Instagram engineers themself wrote a bit about their backend infrastructure. One of the more important topics was how they shard the data [0] and this is also linked to in this blog post.
The potential for hotspotting decreases with the number of inserts per second. Like if you only did 1 insert per second and timed it right you could put all of those inserts on one server, but this would likely not overload the server.
It's virtually impossible for anyone to hotspot in a meaningful way with this system.
Nah this will totally be an issue. You can be on the extreme end of replication or the extreme end of sharding and experience performance problems. Sharding is more likely to hotspot depending on where hot data is consistent.
The solution in most cases is a simple database that acts as a pointer database user db -> user's db. That is generated on the creation of a user.

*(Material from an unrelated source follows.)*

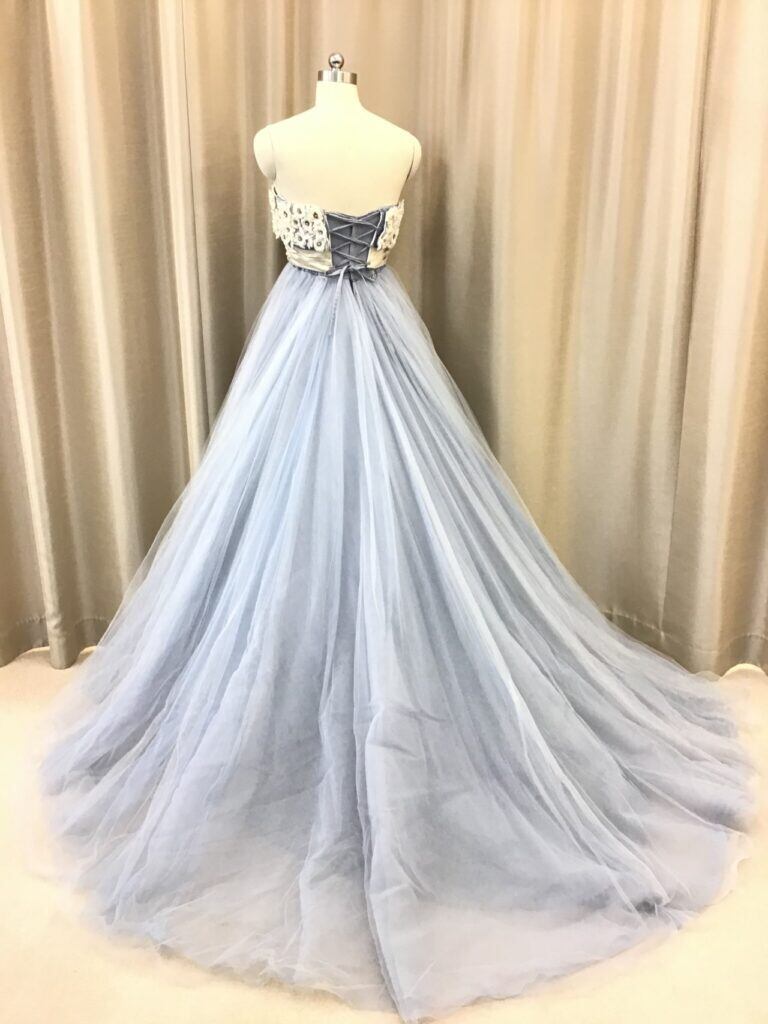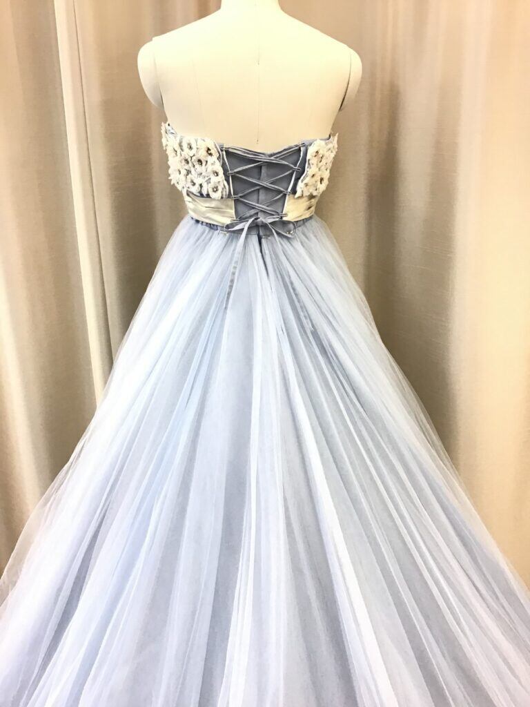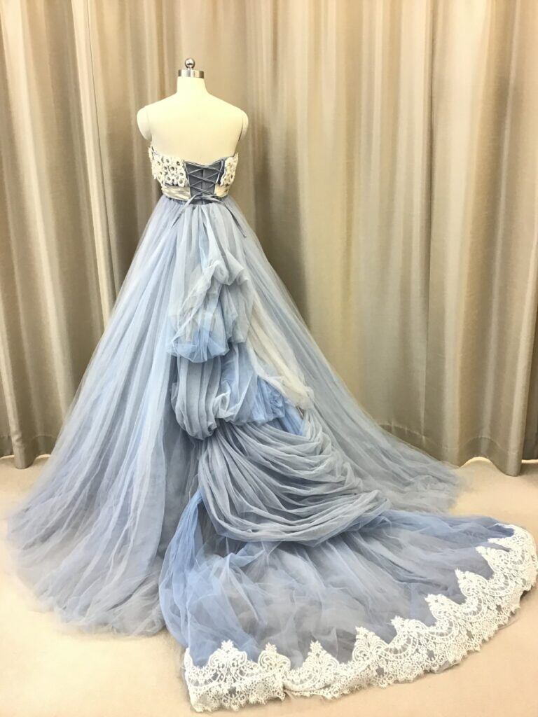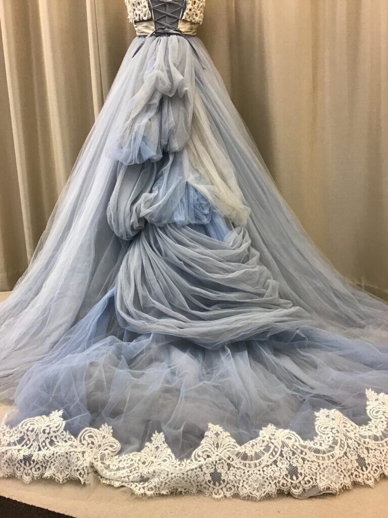 美品!ブルー 3D花リボン フリルトレーン カラードレス マーメードドレス パーティードレス チュールドレス 花嫁/挙式/前撮り
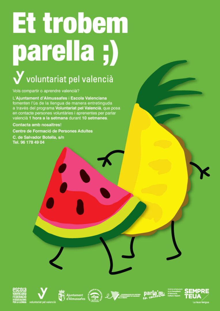 En l’edició passada van ser sis les parelles que van formar part del programa. Enguany, sota el lema ‘Et trobem parella’ l’Escola Valenciana, juntament amb l’Ajuntament d’Almussafes i sota la coordinació del professorat del Centre Municipal de Formació de Persones Adultes (CMFPA) pretenen fomentar l’aprenentatge del valencià a través del programa ‘Voluntariat pel valencià’.

From here you create some simple cold storage models ( if user isn't active ) and some warm models which will scale out the db if the user's db grows it shards and replicates for more read access. But the last thing you want is to slow replication or have one DB that can't move to balance resource utilization. There are some new DB tech that does this without even sweating the deets.
I wonder how they horizontally scaled shards. If they had 2k logical shards they probably had much fewer real/physical shards. So a single database was holding many sharding keys. So when a new physical shard gets added, the data needs to somehow be replicated. That is only true if w reading is the problem. If only a relatively short time period of data is hot you can probably just move over the logical shard IDs to the new physical shard without moving existing data. This requires keeping track of when which physical shard became active.
> How can they know the internal infrastructure but have to assume the app language?
At that time that was the only solution that would have made sense given the achieved behaviour, performance AND development effort.
I did spend a lot of time Cordova(PhoneGap) and all the other HTML5 app thingies for iOS at the time.
Not sure why that particular in my opinion pretty obvious choice bothers you that much. That is very much the reason why they didn't even bother releasing it for Android until almost two years later.
Enough with the "rules" just because you don't find it novel enough.
The author is on HN and says "Just my own brain reading through old talks and articles from Instagram engineering and Excalidraw for the diagrams. I did my best to put together all the info I learned from them into a comprehensive and simple manner".
If it was compiled from more than 1 article, it becomes an original article. The post should have only novel idea and info. is an arbitrary requirement and not the meaning of that rule.
Though I would add if author were taking anything verbatim, that should be highlighted as a quote with the original source. (edit: reading more, author has already done that.)
They sure seem bothered a lot by something trivial (god forbid the post which was NOT made for HN anyway quoted some original sources and didn't go into the detail they'd like it to).
Somebody took the effort of compiling an article on several sources, and we're throwing the rulebook on them.
How can they know the internal infrastructure but have to assume the app language?
Edit: So the entire piece is taken almost verbatim as-is from a couple old articles on instagram engineering blog.
It might as well just redirect to: https://instagram-engineering.com/what-powers-instagram-hund...
This is against the guidelines:
> Please submit the original source. If a post reports on something found on another site, submit the latter.